Send this to every person you know; it may save a life.


----------



## chrose (Nov 20, 2000)

http://urbanlegends.about.com/librar...lphone_677.htm


----------



## phatch (Mar 29, 2002)

Yep. Few states have that and those that do don't have consistent numbers from state to state.

Phil


----------



## kuan (Jun 11, 2001)

Just call 911.


----------



## panini (Jul 28, 2001)

The urban legend is now an urban legend. It appears that this number IS being adopted by states with the recent increase in this type of crime.
Using the 911 from a cell can sometimes cause problems. It may not arrive to the closest source of help.
Thought I don't know for sure. A very good source said this was adopted by the Texas State Troopers because their jusisdiction covers major in-city toll roads and persons aren't sure who is stopping them because the City Police don't run the toll roads.
I haven't had the chance to check it out locally here. I'm trying to figure how?
__________________________________________________ ___________
I just checked the State website and couldn't find anything.


----------



## chrose (Nov 20, 2000)

Simple, put on some fake lights and try pulling over a young woman, I'm sure you'll find out how


----------



## jock (Dec 4, 2001)

In California all 911 calls from cell phones go to the CHP dispatcher who is not in a position to offer much direct help. All they can do is connect you to the local 911 dispatcher. 

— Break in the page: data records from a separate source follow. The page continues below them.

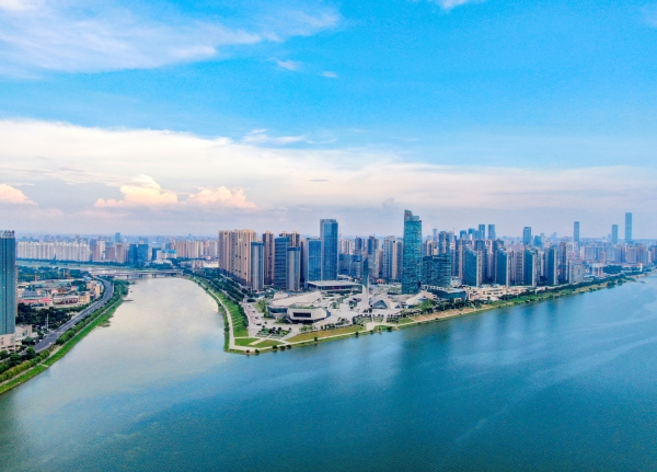 从高空俯瞰开福区,江河汇合,高楼林立,勾勒出长沙最具现代感的城市封面,尽显城市磅礴气势。(资料图)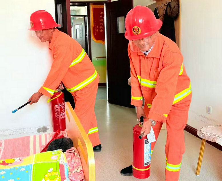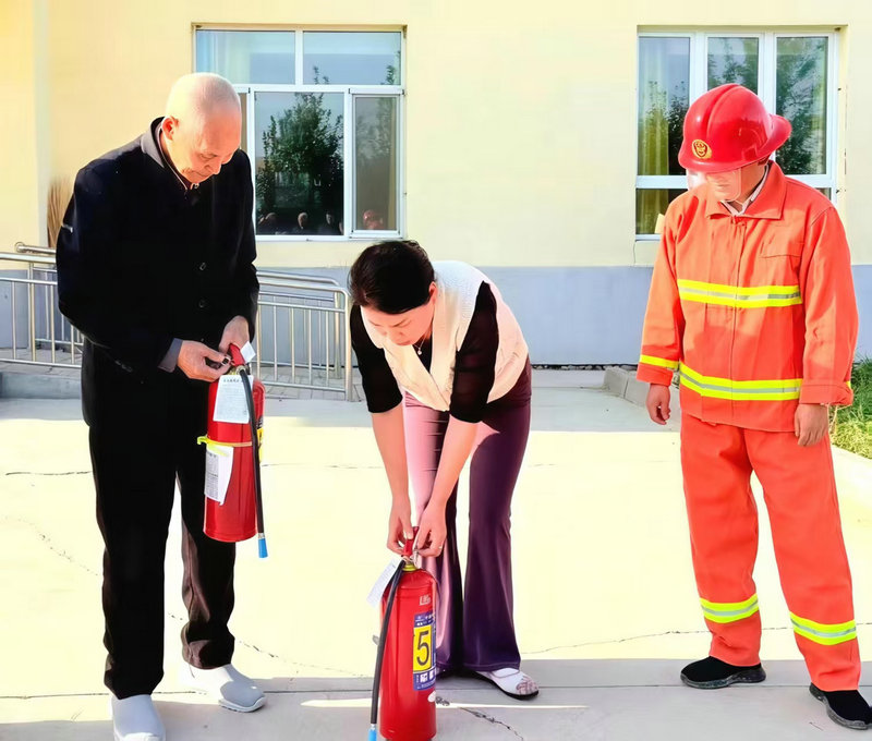 圖2為:六師奇臺110社區(qū)吾家樂寶養(yǎng)老院院長史云智(左二),在開展“雙節(jié)”消防逃生應(yīng)急演練滅火器實際操作培訓(xùn)中,正在檢查干粉滅火期是否完好。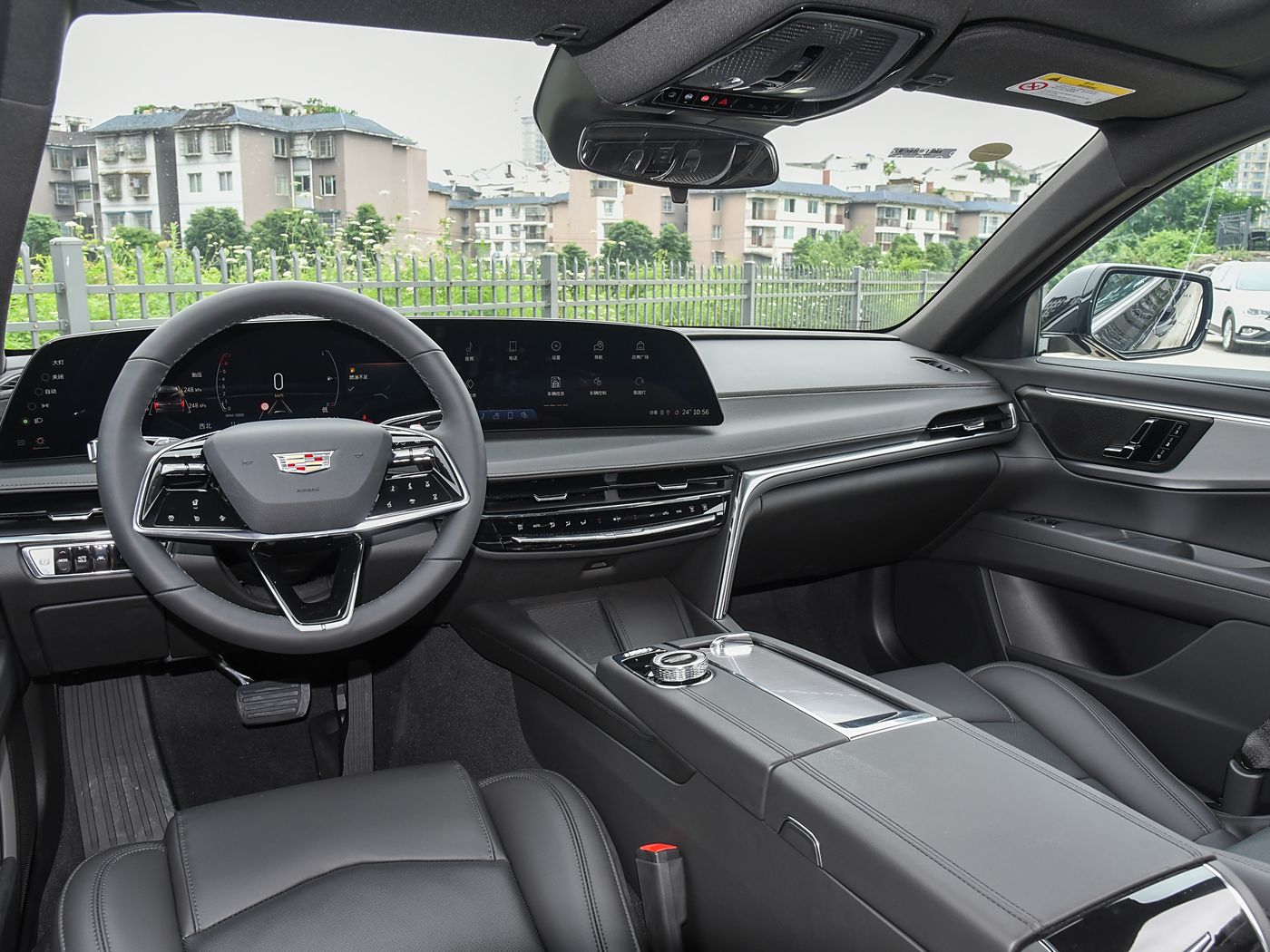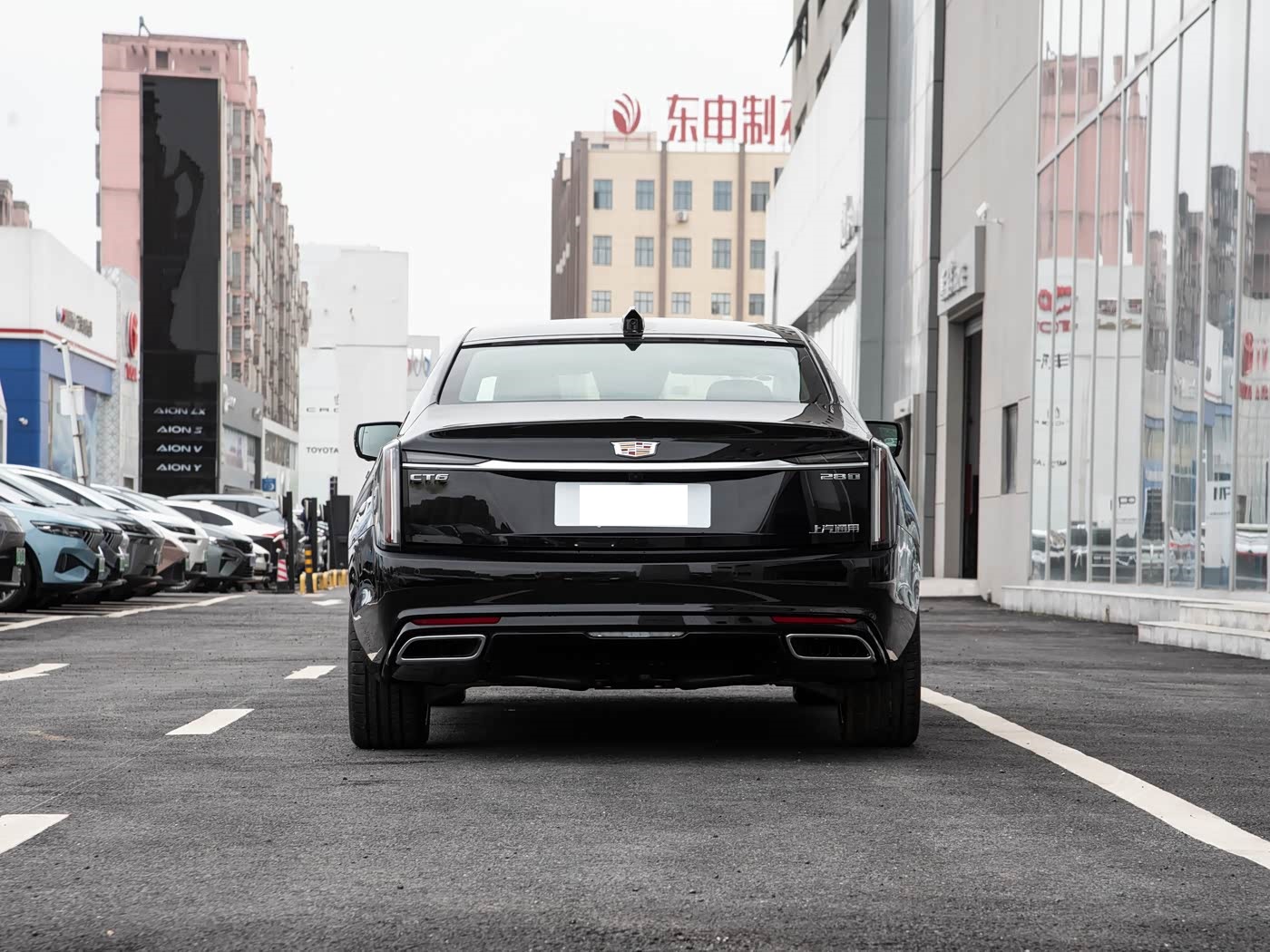 再来看车尾部分,车尾设计延续凯迪拉克标志性的垂直美学,全新飞翼式LED尾灯采用368颗LED光源,支持动态流水转向效果,夜间辨识度极佳。后备箱盖微微上翘的小鸭尾设计,配合双边双出镀铬排气(GS版为菱形四出造型),形成层次分明的立体轮廓。尾灯组内部融入V型光带元素,与车头V盾格栅形成视觉呼应,点亮后如同璀璨钻石阵列。后包围采用空气动力学扩散器设计,配合隐藏式后雨刷,使车尾线条更加简洁利落。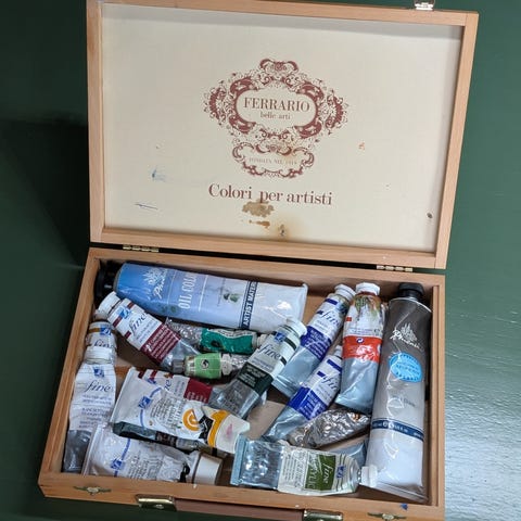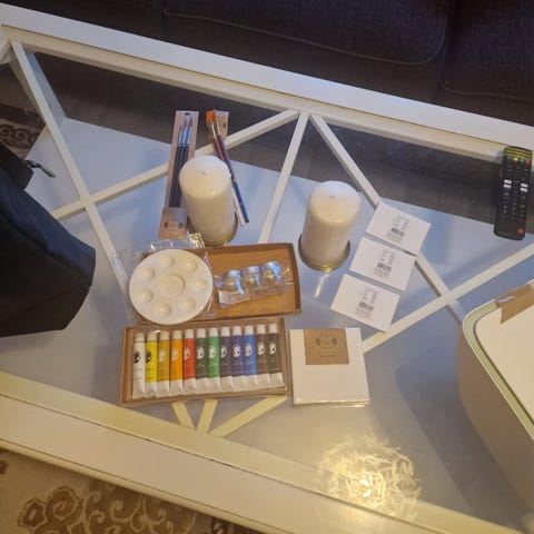 Ikke alt et med, og kun 3 ellrr 4 malinger er brukt men såvidt noe som helst av de fordi jeg bruker bare akryl og ville teste olje men var ikke for meg merket jeg med engang, så lærreta som følgte med er med ubrukt fordi jeg testet bare på malingspapir, men de knivsettene er ikke med fordi de er forsvunnet og en av penslene

I witnessed an accident once that needed police and ambulance. I called 911 on my cell and it was over 9 minutes before the call was answered. The CHP put me on hold for another minute before I was connected to the local 911 dispatcher who then transferred me to the paramedics. All in all it took more than 12 minutes to actually get an ambulance rolling. Just as well the injury was not life threatening.

I don't know if the *611 works in California but I'll check it out. Thank you Pan.

Jock


----------